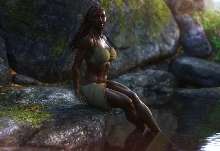 This is a highly detailed CGI rendering of a dark-skinned woman with an athletic, muscular physique, sitting on a moss-covered rock by a serene, shallow stream. She has long, braided hair adorned with small, red beads and is wearing a simple, olive-green bikini top that accentuates her toned arms and defined abs. Her matching bikini bottom is tied at the sides with red strings. Her expression is calm and contemplative, with slightly parted lips and a focused gaze directed slightly to the right. The background features large, smooth rocks with patches of green moss, and the stream's water is clear, reflecting the rocks and greenery. Light filters through the trees, casting dappled sunlight and shadows across the scene, creating a tranquil, natural atmosphere. The textures in the image are highly realistic, from the woman's smooth, glistening skin to the rough, wet surfaces of the rocks and the gentle ripples in the water. The overall color palette includes natural greens, browns, and the warm tones of her skin, contributing to the peaceful, earthy ambiance of the scene.
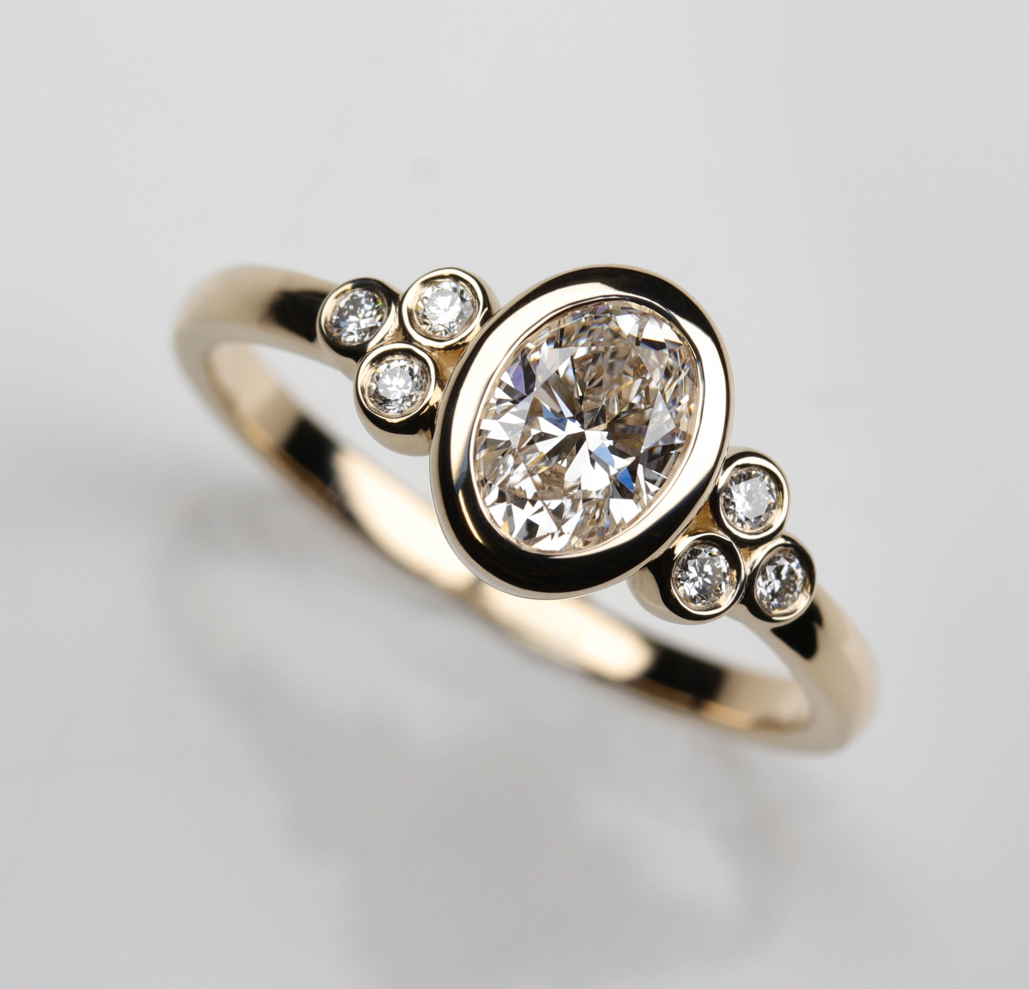 Our Bezel Set Seven Stone Cluster Ring with an Oval Lab-grown Diamond Center stone and Lab-grown Diamond Accent stones, set in 14k yellow gold with a shiny finish.
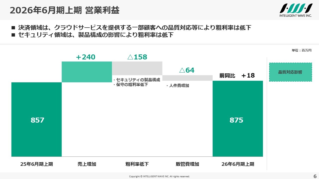 営業利益についてです。前回の決算説明会でもお伝えしたように、クラウドサービスを提供する一部顧客への品質対応の影響により、保守を含めた決済領域全体の売上総利益率が低下し、1,800万円の増加にとどまりました。
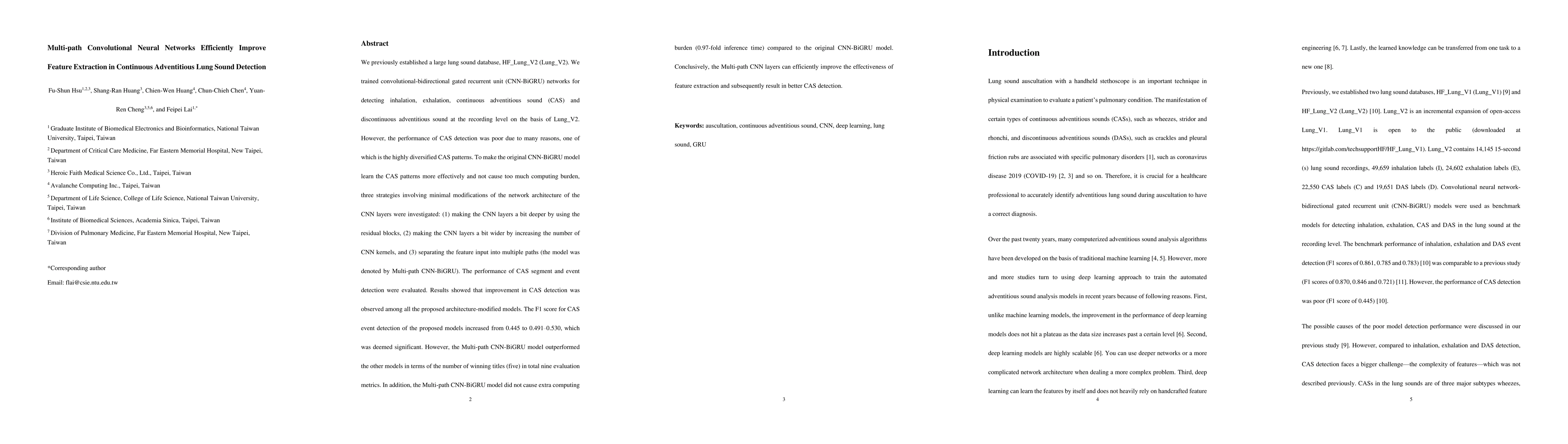 A new model called Multi-path CNN-BiGRU improved feature extraction for continuous adventitious lung sound detection with a 0.97-fold reduction in computing burden, outperforming other models in nine evaluation metrics.
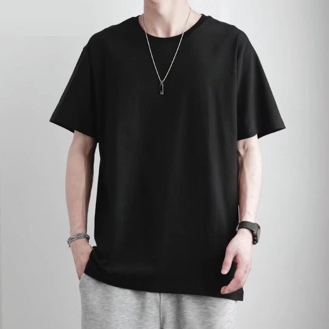 220g 빗질 코튼 헤비 웨이트 100% 면 라운드 넥 베이스 티셔츠 반팔 티셔츠 남성과 여성의 느슨한 레저 트렌드 여름
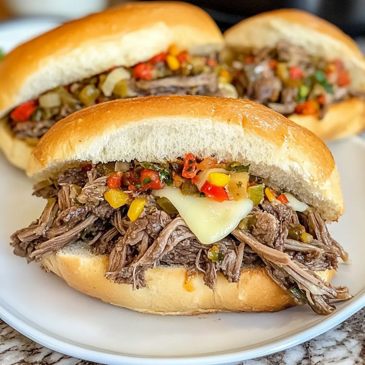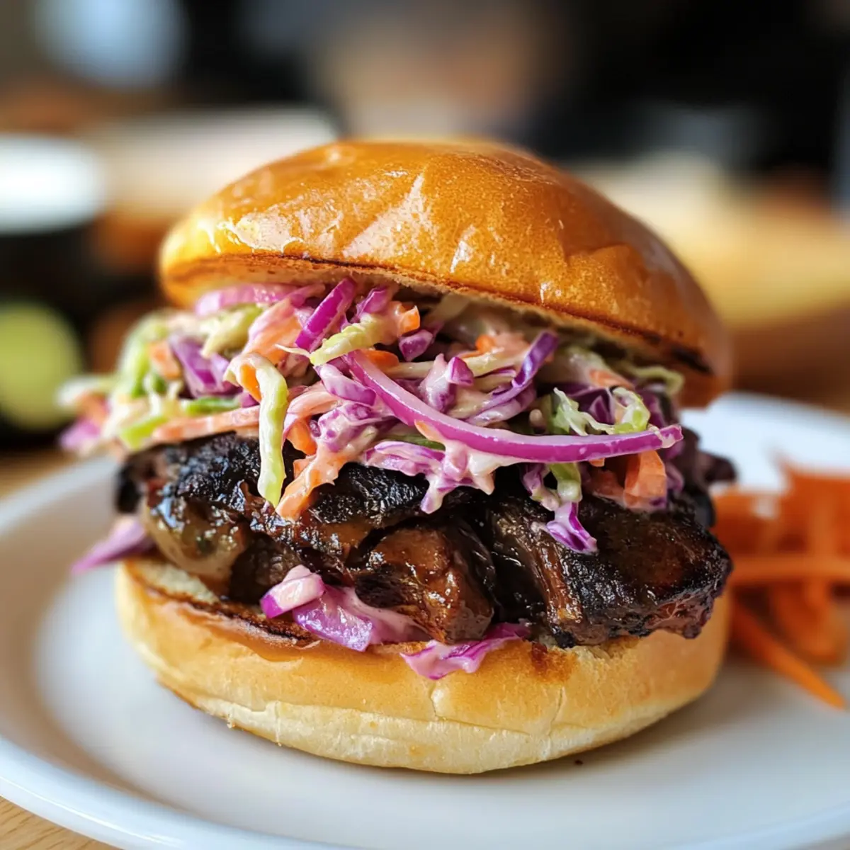 Oxtail-Sandwich mit cremigem Coleslaw und Pickles

* * * *

Work to be completed: Would you please print the entries once more, word for word, minus the pictures?

Exercise output:
 This is a highly detailed CGI rendering of a dark-skinned woman with an athletic, muscular physique, sitting on a moss-covered rock by a serene, shallow stream. She has long, braided hair adorned with small, red beads and is wearing a simple, olive-green bikini top that accentuates her toned arms and defined abs. Her matching bikini bottom is tied at the sides with red strings. Her expression is calm and contemplative, with slightly parted lips and a focused gaze directed slightly to the right. The background features large, smooth rocks with patches of green moss, and the stream's water is clear, reflecting the rocks and greenery. Light filters through the trees, casting dappled sunlight and shadows across the scene, creating a tranquil, natural atmosphere. The textures in the image are highly realistic, from the woman's smooth, glistening skin to the rough, wet surfaces of the rocks and the gentle ripples in the water. The overall color palette includes natural greens, browns, and the warm tones of her skin, contributing to the peaceful, earthy ambiance of the scene.
 Our Bezel Set Seven Stone Cluster Ring with an Oval Lab-grown Diamond Center stone and Lab-grown Diamond Accent stones, set in 14k yellow gold with a shiny finish.
 営業利益についてです。前回の決算説明会でもお伝えしたように、クラウドサービスを提供する一部顧客への品質対応の影響により、保守を含めた決済領域全体の売上総利益率が低下し、1,800万円の増加にとどまりました。
 A new model called Multi-path CNN-BiGRU improved feature extraction for continuous adventitious lung sound detection with a 0.97-fold reduction in computing burden, outperforming other models in nine evaluation metrics.
 220g 빗질 코튼 헤비 웨이트 100% 면 라운드 넥 베이스 티셔츠 반팔 티셔츠 남성과 여성의 느슨한 레저 트렌드 여름
 Oxtail-Sandwich mit cremigem Coleslaw und Pickles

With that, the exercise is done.